Но я действительно думаю, что родилась после его смерти. Думаю, правда, что, когда умер отец, жизнь для меня началась заново. Она пришла за мной в монастырь, уложила мои вещи в ящик из-под яблок и всю дорогу домой до боли сжимала мою руку. Как меня радовала эта боль. Три года после того мы жили так, как не могли бы жить при отце. При ее муже. Как пара диких индеек в лесу: громко смеялись, смеялись до слез, порой валились на землю от хохота, как будто в нас не оставалось ничего, кроме смеха. Мы делали свою работу, подолгу и прилежно: гнули спины, трудили руки и ноги, как следовало. Мы три раза в день садились за общий длинный стол. Садились вместе с другими работниками, ели с той же голодной жадностью, а потом шли немного погулять, останавливались полюбоваться небом, а потом возвращались домой, чтобы вымыться, натянуть через головы длинные ночные рубахи и заснуть на тюфяках у очага. Иногда мы засыпали не сразу, лежали молча или разговаривали, дивились тому, как мечутся по облупленным стенам причудливые тени от огня, слушали звуки, просачивавшиеся из-за стен: звуки чужой любви, а чаще – боли. Она обнимала меня сильной тонкой рукой, и ее голос размывал границу между светом и темнотой. Я слушала, затаив дыхание. Все детство, сколько мне его выпало, пришлось на те минуты перед сном, с теми историями, рассказанными ее голосом и сохраненными огнем. Но иногда она поднималась по стертым каменным ступеням к себе в спальню, и я оставалась у очага одна. Она всегда дожидалась, пока я усну – или ей казалось, что я уснула, – прежде чем уйти от меня.

Однажды утром я пошла ее будить, принесла горячий шоколад в чашке с желтыми розами. И два печенья. Я подошла к кровати, позвала ее шепотом, как всегда звала, уже зная, что она не услышит. Я крепко сжала чашку с желтыми розами и позвала ее более строго. Я визжала и вопила. Конечно, она проснется от моего визга. Ведь ей пора просыпаться. Не могла она уйти, ни слова не сказав.

– Я буду твоим опекуном, – сказал мне граф, уводя меня от церкви через оливковую рощу. – Твои вещи перенесут из бараков работников на виллу, и ты станешь членом семьи. Ах, Тильда, я люблю тебя как дочь. И ты так похожа на свою мать. Совсем как твоя мать.

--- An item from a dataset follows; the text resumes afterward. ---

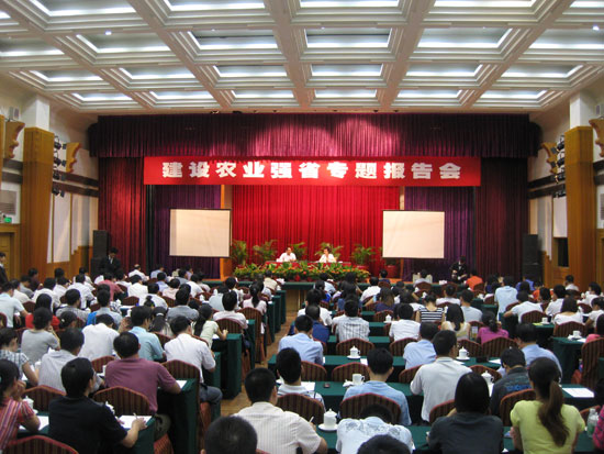 7月9日下午,广东省农业厅在广州举办了“建设农业强省”专题报告会,邀请湖南省政协副主席、中国工程院院士、国家杂交水稻工程技术研究中心主任袁隆平和农业部农村经济体制与经营管理司副司长关锐捷在会上作专题报告。省农业厅、省属农业科研机构和高等院校近250人参加了会议。报告会由省农业厅程萍副厅长主持。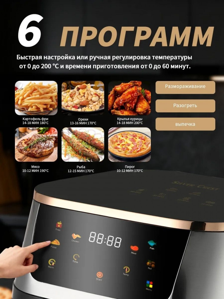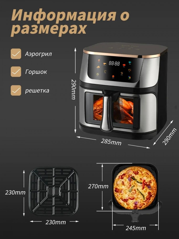 💳 Оплатить за товар можно при получении 🇰🇿 Есть бесплатная доставка по Казахстану от 1 дня 🎁 Копите бонусы с каждой покупки Аэрогриль электрический 12 литров — универсальный шеф-повар для вашей кухни! Готовьте как профессионал с одним прибором вместо целого арсенала техники! Она специально создана для заботливых родителей, которые хотят радовать своих детей и всю семью по-настоящему вкусной и, что самое главное, полезной едой без лишнего масла и жира. Готовьте любимые блюда сразу на 3-4 человек — больше не нужно жарить порциями! |

Да, конечно. Как дочь. Он будет моим опекуном и окажется теперь в моей постели. Она ведь предложила ему себя? А теперь, когда ее нет и ее мужа нет, разве я могу воспротивиться? Я была следующей в очереди. Я понимала, что если останусь на ночь, то останусь навсегда, и я сбежала.

Вернулась к монахиням, хоть и ненавидела ту жизнь. Я вернулась, как возвращается побитая жена. Лучше праведная злость монахинь, чем горячие сухие руки графа, думала я. Я сложила в синий чемодан, который она держала под кроватью, несколько вещей из шкафа матери и из кухонного шкафа, где она держала белье и кожаный кошелек со сбережениями. Там была тонкая золотая цепочка, завернутая в белую папиросную бумагу. Она иногда надевала ее по воскресеньям. В складки шерстяного пальто я уложила коробочку печенья и чашку с желтыми розами, а потом пробежала через луг, позвонила в колокольчик и стала ждать, пока Милосердные Сестры примут меня домой. Я долго ждала, перекладывая из руки в руку синий чемодан. Позвонила снова, и помахала в окно, в котором видела лицо, и услышала стук ставен. Но никто не вышел. Я ждала, звонила в колокольчик и снова ждала, но Милосердные Сестры так и не открыли ворота.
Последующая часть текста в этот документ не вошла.